Data records:
=== Begin Enclosure ===

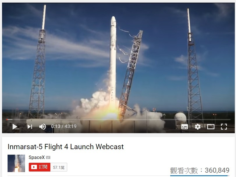 美國當地時間15日晚19時21分,火箭從佛州「卡納維爾角(Cape Canaveral)」的「肯尼迪航天中心(Kennedy Space Center)」進行發射,將「Inmarsat-5 F4」商用衛星送入軌道,未來將為航空班機和船隻乘客提供包括無線網路連接在內的信號發送。
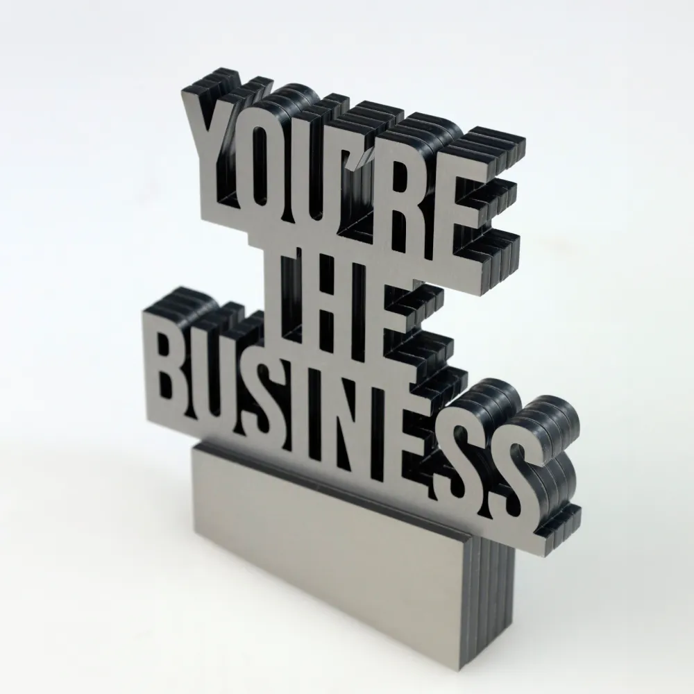 Diese außergewöhnliche Statuette ist eine moderne Auszeichnung, die perfekt zur Ästhetik der heutigen Geschäftswelt passt. Komplett aus Metall gefertigt, besteht sie aus mehreren präzise übereinandergeschichteten Elementen, die ihr Tiefe und eine markante räumliche Wirkung verleihen. Im Mittelpunkt steht der lasergravierte Schriftzug „You’re the business“ – ein klarer, kraftvoller Ausdruck von Anerkennung für Professionalität, Engagement und besonderen Einsatz für den Erfolg eines Unternehmens oder Projekts.
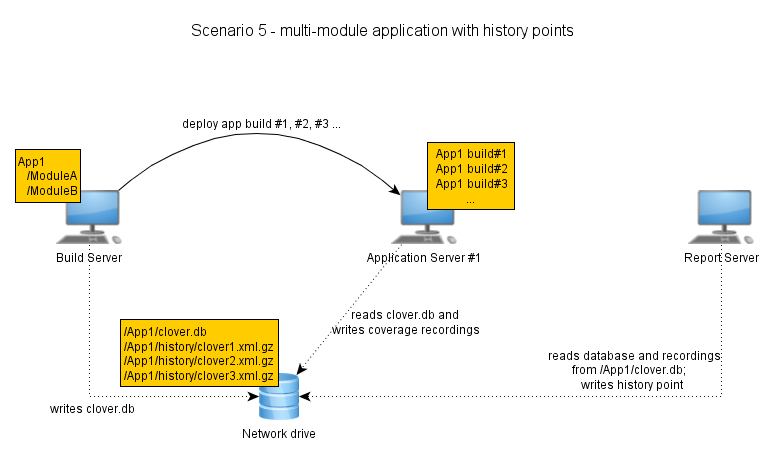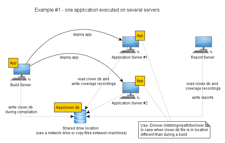 (e.g. a Maven project with a <singleCloverDatabase> or an Ant project with one <clover-setup>) - application is deployed to several machines
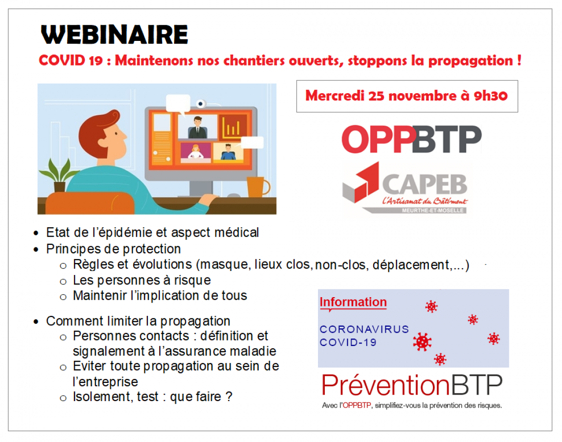 Webinaire COVID 19 à 9h30 Maintenons nos chantiers ouverts, stoppons la propagation Lien de connexion au webinaire : https://cutt.ly/ohuNhqQ
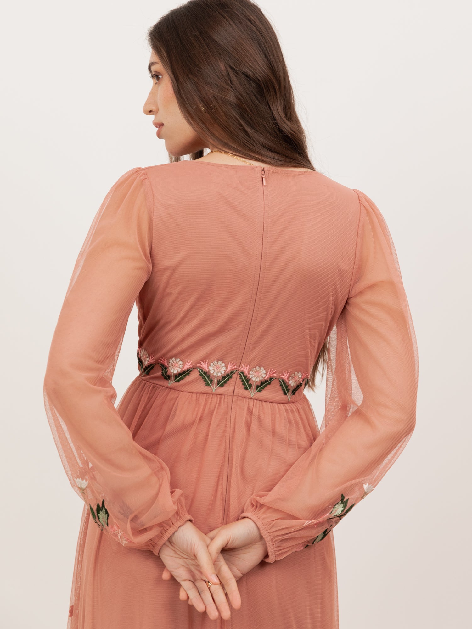 For an unforgettable entrance, this muted pink floral gown offers a masterclass in modern elegance. Exquisitely crafted from whisper-soft tulle, it is adorned with intricately hand-sewn floral embroidery that cascades across the bodice and ankle-skimming skirt. The sheer long sleeves introduce a contemporary allure, while the faux-wrap bodice lends a beautifully feminine finish. Falling to a flattering midaxi length, the A-line silhouette is softly structured with delicate ruffles from the gathered waist and a subtle hem panel, creating flowing movement with every step. Complete your ensemble by selecting shoes and accessories that echo the delicate hues of the embroidered blooms for a polished, harmonious look.
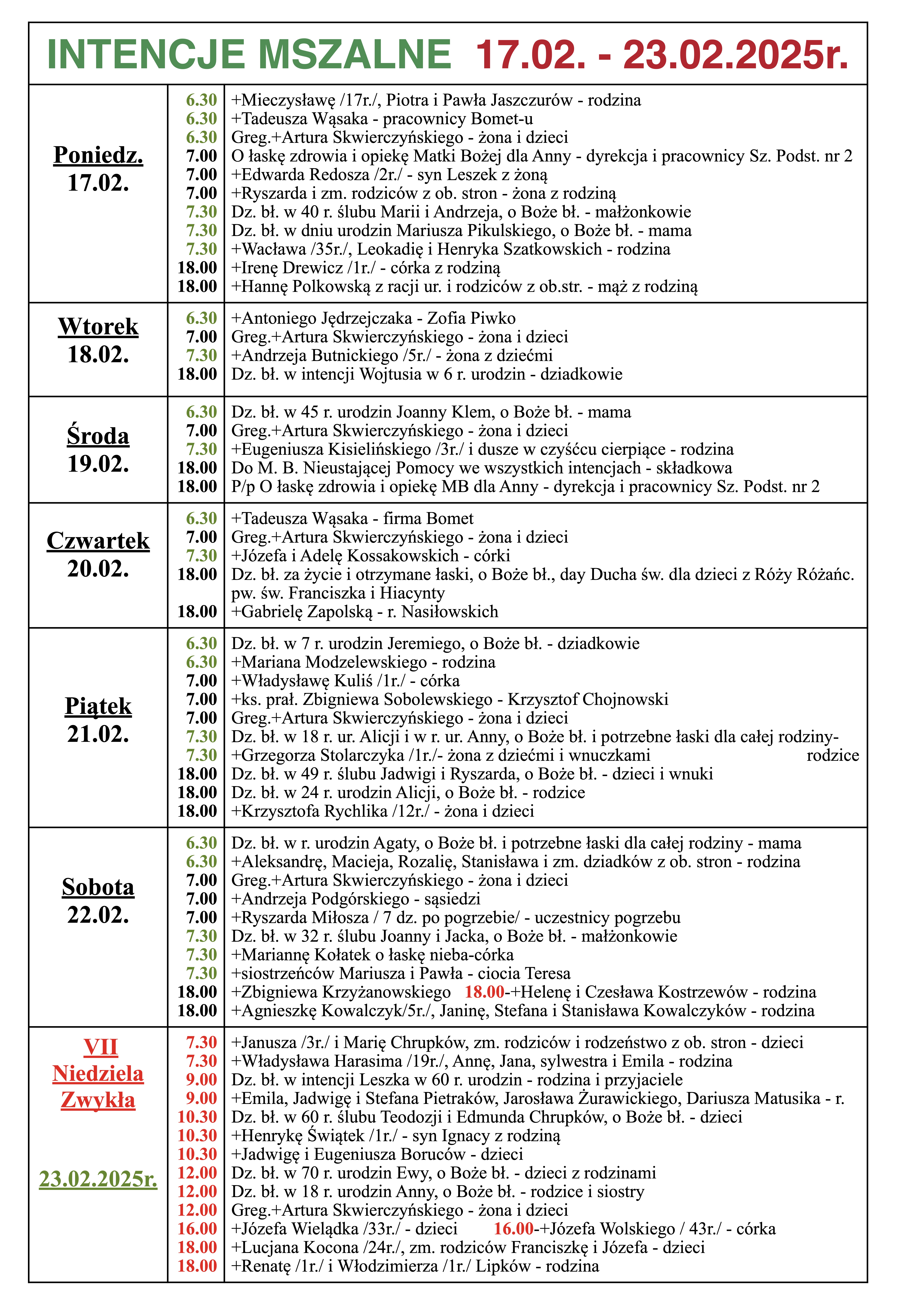 INTENCJE MSZALNE 17.02. – 23.02.2025r. przez Ks. Proboszcz / 9 miesięcy temu INTENCJE MSZALNE 17.02. – 23.02.2025r.
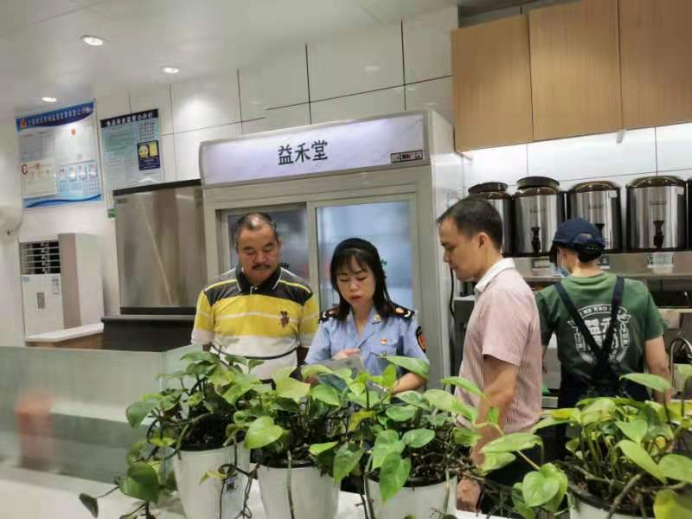 (检查人员在奶茶店检查) 检查人员随机抽查了美团外卖网上订餐平台和暑期学生青睐、消费较大的“益禾堂”奶茶、“德克基”汉堡包两家线下门店,对从业人员健康管理,公开承诺,食品及原材料进货查验,餐饮具清洗消毒,后厨环境卫生,制止餐饮浪费行为一一进行了检查,同时向从业人员宣传了食品安全知识,从源头杜绝安全事故的发生。针对检查中发现的原材料进货查验资料不全,从业人员食品安全培训不够等问题,检查人员当即责令经营者限期整改。 该局负责人表示,下阶段将持续加大对涉及消费者人数较多、社会影响力较大的餐饮服务单位、学校食堂的检查力度,规范食品经营行为,严格管控食品安全风险,不断提高人民群众在餐饮服务领域的获得感、安全感、幸福感。 |
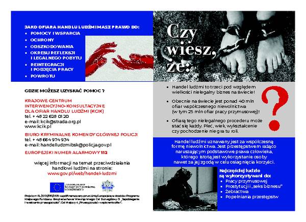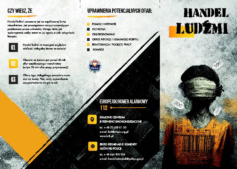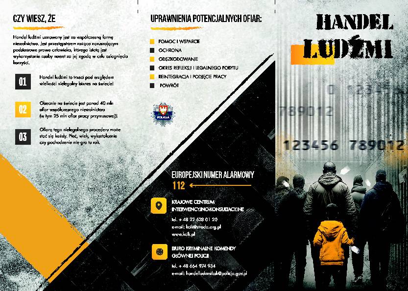 Przestępstwo handlu ludźmi jest formą współczesnego niewolnictwa, stanowiącą jedną z najcięższych zbrodni, rażąco godzącą w podstawowe prawa człowieka. Jest przestępstwem wieloczynnościowym naruszającym niezbywalne prawo każdego człowieka do wolności i godności zagwarantowanej przez liczne porozumienia międzynarodowe, a także przez Konstytucję Rzeczypospolitej Polskiej. Różnorodność form wykorzystania, transgraniczność, zróżnicowanie stosowanych przez sprawców środków przemocy, trudne, nieraz sprzeczne emocje ofiar, a także niejednolity odbiór społeczny procederu w zależności od regionu świata – wszystko to czyni z handlu ludźmi wyzwanie dla społeczności międzynarodowej, organów władzy i organów ścigania. Ponadto wieloetapowość i skomplikowanie znamion tego przestępstwa często utrudniają trafną identyfikację zjawiska handlu ludźmi, w tym identyfikację osób pokrzywdzonych tym czynem zabronionym. Informacja Strona znajduje się w archiwum. Mając świadomość tego, że każdy może stać się ofiarą handlu ludźmi, przestępstwa, które jest trzecim pod względem wielkości dochodów nielegalnym biznesem, tuż po handlu bronią i narkotykami, Biuro Prewencji wraz z Biurem Kryminalnym Komendy Głównej Policji realizują działania w ramach ogólnopolskiego projektu „Identyfikacja ofiar handlu ludźmi jako podstawa uzyskania wsparcia przez pokrzywdzonego”, którego głównym założeniem jest zwiększenie skuteczności Policji w identyfikacji ofiar handlu ludźmi. Przedsięwzięcie finansowane w ramach Funduszu Bezpieczeństwa Wewnętrznego, realizowane będzie do końca 2022 r. Celami szczegółowymi projektu są: wzrost kompetencji koordynatorów ds. handlu ludźmi w zakresie wczesnej identyfikacji ofiar i prowadzenia spotkań ze społeczeństwem oraz wytworzenie impulsu służącego wzbudzeniu świadomości zagrożeń współczesnym niewolnictwem. Beneficjentami projektu są zarówno funkcjonariusze służby kryminalnej i służby prewencyjnej, zajmujący się koordynacją zapobiegania oraz zwalczania przestępstwa handlu ludźmi na poziomie regionalnym i lokalnym, jak i osoby w wieku 16-45 lat, wyjeżdżające bądź noszące się z zamiarem wyjazdu do pracy poza granice kraju jako osoby najbardziej narażone na zjawisko handlu ludźmi, w tym zjawisko wyzysku pracowniczego. Wśród działań projektowych należy wymienić m.in.: opracowanie materiałów edukacyjnych dla funkcjonariuszy Policji, szkolenia specjalistyczne dla funkcjonariuszy Policji zajmujących się koordynacją zapobiegania oraz zwalczania przestępstwa handlu ludźmi na poziomie regionalnym i lokalnym, prowadzone na terenie całego kraju, przygotowanie spotu na temat zapobiegania handlowi ludźmi, opracowanie oraz wydruk 300 000 egzemplarzy ulotek informacyjnych, międzynarodową konferencję będącą okazją do wymiany doświadczeń i najlepszych praktyk w obszarze zapobiegania i zwalczania handlu ludźmi. Opracowane broszury informacyjno-edukacyjne dedykowane są osobom najbardziej narażonym na zjawisko handlu ludźmi, informacje tam zawarte mają za zadanie uwrażliwienie obywateli na symptomy tego zjawiska, obalenie mitów i błędnych przekonań oraz zawierają podpowiedzi, jakie są ich prawa i gdzie w sytuacji zagrożenia mogą szukać pomocy. Celem produkcji i emisji spotu jest dotarcie do jak największej grupy odbiorców w celu podniesienia świadomości osób wyjeżdżających bądź noszących się z zamiarem wyjazdu do pracy poza granice kraju, w tym młodzieży, w obszarze zagrożeń wiążących się z przestępstwem handlu ludźmi, przede wszystkim wyzyskiem pracowniczym. Podkreślić należy, że współczesnych niewolników jest więcej niż kiedykolwiek w historii, a samo zjawisko podlega bardzo dynamicznym przemianom. Mamy nadzieję, że realizowany obecnie projekt pomoże w sprawnej i skutecznej identyfikacji ofiar handlu ludźmi.

=== End Enclosure ===

# About this task:
All of the entries above should be copied exactly, except for the pictures.

# Solution for this problem:
 美國當地時間15日晚19時21分,火箭從佛州「卡納維爾角(Cape Canaveral)」的「肯尼迪航天中心(Kennedy Space Center)」進行發射,將「Inmarsat-5 F4」商用衛星送入軌道,未來將為航空班機和船隻乘客提供包括無線網路連接在內的信號發送。
 Diese außergewöhnliche Statuette ist eine moderne Auszeichnung, die perfekt zur Ästhetik der heutigen Geschäftswelt passt. Komplett aus Metall gefertigt, besteht sie aus mehreren präzise übereinandergeschichteten Elementen, die ihr Tiefe und eine markante räumliche Wirkung verleihen. Im Mittelpunkt steht der lasergravierte Schriftzug „You’re the business“ – ein klarer, kraftvoller Ausdruck von Anerkennung für Professionalität, Engagement und besonderen Einsatz für den Erfolg eines Unternehmens oder Projekts.
 (e.g. a Maven project with a <singleCloverDatabase> or an Ant project with one <clover-setup>) - application is deployed to several machines
 Webinaire COVID 19 à 9h30 Maintenons nos chantiers ouverts, stoppons la propagation Lien de connexion au webinaire : https://cutt.ly/ohuNhqQ
 For an unforgettable entrance, this muted pink floral gown offers a masterclass in modern elegance. Exquisitely crafted from whisper-soft tulle, it is adorned with intricately hand-sewn floral embroidery that cascades across the bodice and ankle-skimming skirt. The sheer long sleeves introduce a contemporary allure, while the faux-wrap bodice lends a beautifully feminine finish. Falling to a flattering midaxi length, the A-line silhouette is softly structured with delicate ruffles from the gathered waist and a subtle hem panel, creating flowing movement with every step. Complete your ensemble by selecting shoes and accessories that echo the delicate hues of the embroidered blooms for a polished, harmonious look.
 INTENCJE MSZALNE 17.02. – 23.02.2025r. przez Ks. Proboszcz / 9 miesięcy temu INTENCJE MSZALNE 17.02. – 23.02.2025r.
 (检查人员在奶茶店检查) 检查人员随机抽查了美团外卖网上订餐平台和暑期学生青睐、消费较大的“益禾堂”奶茶、“德克基”汉堡包两家线下门店,对从业人员健康管理,公开承诺,食品及原材料进货查验,餐饮具清洗消毒,后厨环境卫生,制止餐饮浪费行为一一进行了检查,同时向从业人员宣传了食品安全知识,从源头杜绝安全事故的发生。针对检查中发现的原材料进货查验资料不全,从业人员食品安全培训不够等问题,检查人员当即责令经营者限期整改。 该局负责人表示,下阶段将持续加大对涉及消费者人数较多、社会影响力较大的餐饮服务单位、学校食堂的检查力度,规范食品经营行为,严格管控食品安全风险,不断提高人民群众在餐饮服务领域的获得感、安全感、幸福感。 |
 Przestępstwo handlu ludźmi jest formą współczesnego niewolnictwa, stanowiącą jedną z najcięższych zbrodni, rażąco godzącą w podstawowe prawa człowieka. Jest przestępstwem wieloczynnościowym naruszającym niezbywalne prawo każdego człowieka do wolności i godności zagwarantowanej przez liczne porozumienia międzynarodowe, a także przez Konstytucję Rzeczypospolitej Polskiej. Różnorodność form wykorzystania, transgraniczność, zróżnicowanie stosowanych przez sprawców środków przemocy, trudne, nieraz sprzeczne emocje ofiar, a także niejednolity odbiór społeczny procederu w zależności od regionu świata – wszystko to czyni z handlu ludźmi wyzwanie dla społeczności międzynarodowej, organów władzy i organów ścigania. Ponadto wieloetapowość i skomplikowanie znamion tego przestępstwa często utrudniają trafną identyfikację zjawiska handlu ludźmi, w tym identyfikację osób pokrzywdzonych tym czynem zabronionym. Informacja Strona znajduje się w archiwum. Mając świadomość tego, że każdy może stać się ofiarą handlu ludźmi, przestępstwa, które jest trzecim pod względem wielkości dochodów nielegalnym biznesem, tuż po handlu bronią i narkotykami, Biuro Prewencji wraz z Biurem Kryminalnym Komendy Głównej Policji realizują działania w ramach ogólnopolskiego projektu „Identyfikacja ofiar handlu ludźmi jako podstawa uzyskania wsparcia przez pokrzywdzonego”, którego głównym założeniem jest zwiększenie skuteczności Policji w identyfikacji ofiar handlu ludźmi. Przedsięwzięcie finansowane w ramach Funduszu Bezpieczeństwa Wewnętrznego, realizowane będzie do końca 2022 r. Celami szczegółowymi projektu są: wzrost kompetencji koordynatorów ds. handlu ludźmi w zakresie wczesnej identyfikacji ofiar i prowadzenia spotkań ze społeczeństwem oraz wytworzenie impulsu służącego wzbudzeniu świadomości zagrożeń współczesnym niewolnictwem. Beneficjentami projektu są zarówno funkcjonariusze służby kryminalnej i służby prewencyjnej, zajmujący się koordynacją zapobiegania oraz zwalczania przestępstwa handlu ludźmi na poziomie regionalnym i lokalnym, jak i osoby w wieku 16-45 lat, wyjeżdżające bądź noszące się z zamiarem wyjazdu do pracy poza granice kraju jako osoby najbardziej narażone na zjawisko handlu ludźmi, w tym zjawisko wyzysku pracowniczego. Wśród działań projektowych należy wymienić m.in.: opracowanie materiałów edukacyjnych dla funkcjonariuszy Policji, szkolenia specjalistyczne dla funkcjonariuszy Policji zajmujących się koordynacją zapobiegania oraz zwalczania przestępstwa handlu ludźmi na poziomie regionalnym i lokalnym, prowadzone na terenie całego kraju, przygotowanie spotu na temat zapobiegania handlowi ludźmi, opracowanie oraz wydruk 300 000 egzemplarzy ulotek informacyjnych, międzynarodową konferencję będącą okazją do wymiany doświadczeń i najlepszych praktyk w obszarze zapobiegania i zwalczania handlu ludźmi. Opracowane broszury informacyjno-edukacyjne dedykowane są osobom najbardziej narażonym na zjawisko handlu ludźmi, informacje tam zawarte mają za zadanie uwrażliwienie obywateli na symptomy tego zjawiska, obalenie mitów i błędnych przekonań oraz zawierają podpowiedzi, jakie są ich prawa i gdzie w sytuacji zagrożenia mogą szukać pomocy. Celem produkcji i emisji spotu jest dotarcie do jak największej grupy odbiorców w celu podniesienia świadomości osób wyjeżdżających bądź noszących się z zamiarem wyjazdu do pracy poza granice kraju, w tym młodzieży, w obszarze zagrożeń wiążących się z przestępstwem handlu ludźmi, przede wszystkim wyzyskiem pracowniczym. Podkreślić należy, że współczesnych niewolników jest więcej niż kiedykolwiek w historii, a samo zjawisko podlega bardzo dynamicznym przemianom. Mamy nadzieję, że realizowany obecnie projekt pomoże w sprawnej i skutecznej identyfikacji ofiar handlu ludźmi.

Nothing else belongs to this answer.